### [INPUT DATA]
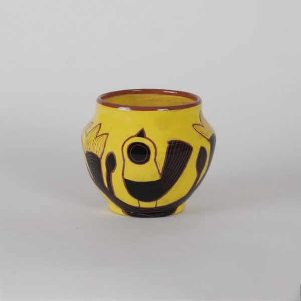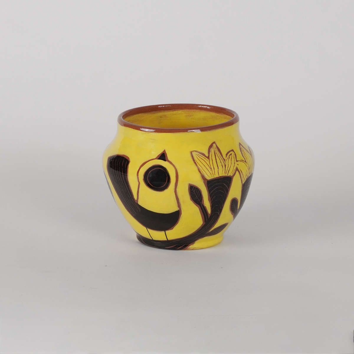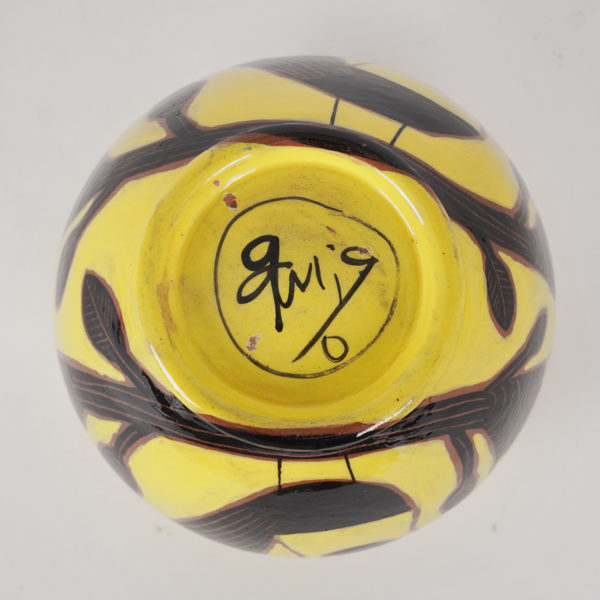 Vase boule jaune et noir en céramique rouge, émaillée et décorée de fleurs et d’oiseaux. Pièce unique, signée Béatriz Garrigo.
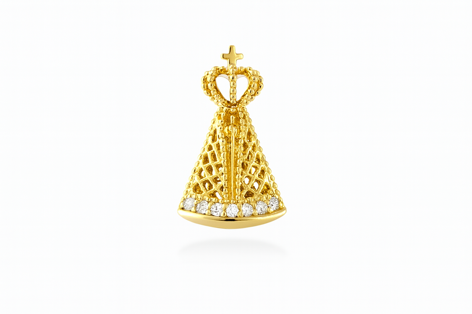 Pingente Nossa Senhora Aparecida diamantada em ouro 18k com zircônias.
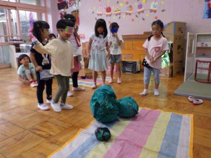 昨日、「スイカ割りしたい!」とひらめいた子どもたち。「この柔らかい紙を赤と緑にして、丸くすればいい!」と自分たちで考えて、スイカをつくりました。目隠しやスイカを割るための棒もつくりました。「スイカ割りができますよー!」とひかり組の友達に宣伝をし、スイカ割り屋さんがオープンしました。目隠しをつけて、いざチャレンジ!最後には、みんなの力でスイカが割れ、真っ赤な果実が現れました!自分たちの考えた遊びをひかり組の友達と一緒に楽しむことができて、満足気なにじ組の子どもたちでした。
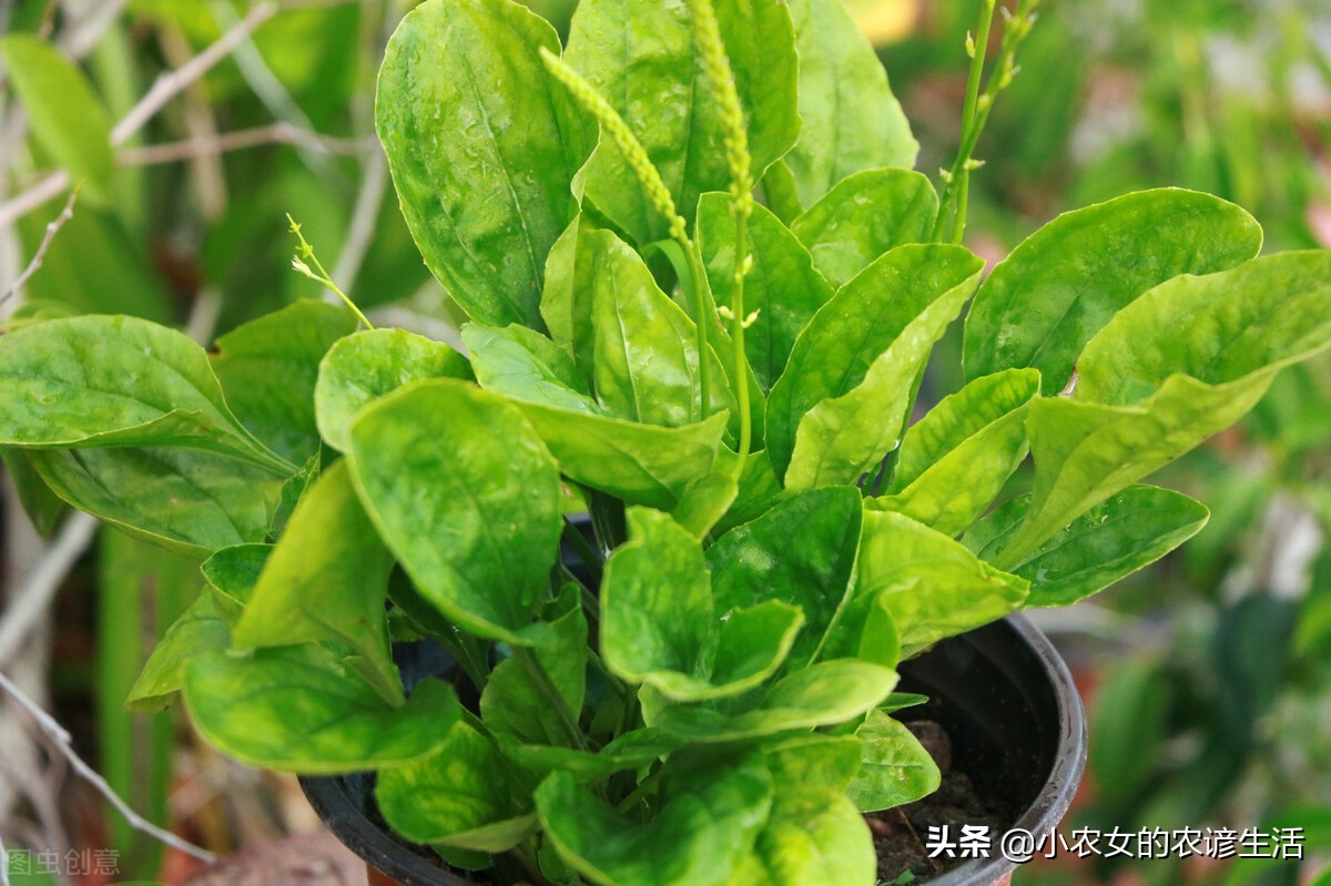 车前草是一种野菜,也是一种中药材,叶片近圆形,光滑,叶片洗干净之后绰水凉拌,清炒都很不错,整株都有药用价值,可以泡茶喝。

### [EXERCISE REQUIREMENTS]
From the first line to the last, give the data again exactly, but without pictures.

### [COMPLETED TASK]
 Vase boule jaune et noir en céramique rouge, émaillée et décorée de fleurs et d’oiseaux. Pièce unique, signée Béatriz Garrigo.
 Pingente Nossa Senhora Aparecida diamantada em ouro 18k com zircônias.
 昨日、「スイカ割りしたい!」とひらめいた子どもたち。「この柔らかい紙を赤と緑にして、丸くすればいい!」と自分たちで考えて、スイカをつくりました。目隠しやスイカを割るための棒もつくりました。「スイカ割りができますよー!」とひかり組の友達に宣伝をし、スイカ割り屋さんがオープンしました。目隠しをつけて、いざチャレンジ!最後には、みんなの力でスイカが割れ、真っ赤な果実が現れました!自分たちの考えた遊びをひかり組の友達と一緒に楽しむことができて、満足気なにじ組の子どもたちでした。
 车前草是一种野菜,也是一种中药材,叶片近圆形,光滑,叶片洗干净之后绰水凉拌,清炒都很不错,整株都有药用价值,可以泡茶喝。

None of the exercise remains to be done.